:: What you should do ::
Only certain lines below are wanted: those starting at the line containing "- BD 382633" and ending at the line containing "Soft, romantic, and", both included, each retyped exactly.

:: Exercise inputs ::
-- -- --

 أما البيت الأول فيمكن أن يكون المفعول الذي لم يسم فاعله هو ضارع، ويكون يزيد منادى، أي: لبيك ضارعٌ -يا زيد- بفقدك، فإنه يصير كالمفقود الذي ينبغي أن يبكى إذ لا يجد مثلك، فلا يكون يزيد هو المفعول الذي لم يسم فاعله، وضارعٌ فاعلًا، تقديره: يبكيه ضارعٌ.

-- -- --

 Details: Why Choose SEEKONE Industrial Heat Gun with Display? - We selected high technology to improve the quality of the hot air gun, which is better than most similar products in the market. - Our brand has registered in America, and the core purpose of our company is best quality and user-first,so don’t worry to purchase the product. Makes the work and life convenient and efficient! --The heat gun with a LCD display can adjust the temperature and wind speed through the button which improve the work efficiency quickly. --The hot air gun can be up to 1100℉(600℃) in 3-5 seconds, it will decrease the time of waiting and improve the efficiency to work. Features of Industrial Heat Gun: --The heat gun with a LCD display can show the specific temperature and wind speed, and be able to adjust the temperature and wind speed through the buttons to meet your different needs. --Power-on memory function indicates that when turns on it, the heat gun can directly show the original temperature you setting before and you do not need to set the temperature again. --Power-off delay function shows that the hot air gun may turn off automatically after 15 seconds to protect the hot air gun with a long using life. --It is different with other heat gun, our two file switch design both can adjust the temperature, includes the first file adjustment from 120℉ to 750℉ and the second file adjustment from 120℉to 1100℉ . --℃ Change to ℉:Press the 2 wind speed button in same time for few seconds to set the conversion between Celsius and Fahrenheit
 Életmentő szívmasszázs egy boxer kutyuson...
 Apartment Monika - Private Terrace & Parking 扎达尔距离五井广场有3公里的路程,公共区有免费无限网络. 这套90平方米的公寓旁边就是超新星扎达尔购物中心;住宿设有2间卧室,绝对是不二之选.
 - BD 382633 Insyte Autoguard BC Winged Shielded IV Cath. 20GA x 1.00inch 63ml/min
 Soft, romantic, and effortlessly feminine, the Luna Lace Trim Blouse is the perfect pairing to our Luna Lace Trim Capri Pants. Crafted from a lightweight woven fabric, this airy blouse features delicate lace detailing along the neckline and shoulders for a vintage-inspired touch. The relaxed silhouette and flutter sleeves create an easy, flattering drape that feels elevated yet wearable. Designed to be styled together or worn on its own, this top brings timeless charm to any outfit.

-- -- --

:: Answer section ::
 - BD 382633 Insyte Autoguard BC Winged Shielded IV Cath. 20GA x 1.00inch 63ml/min
 Soft, romantic, and effortlessly feminine, the Luna Lace Trim Blouse is the perfect pairing to our Luna Lace Trim Capri Pants. Crafted from a lightweight woven fabric, this airy blouse features delicate lace detailing along the neckline and shoulders for a vintage-inspired touch. The relaxed silhouette and flutter sleeves create an easy, flattering drape that feels elevated yet wearable. Designed to be styled together or worn on its own, this top brings timeless charm to any outfit.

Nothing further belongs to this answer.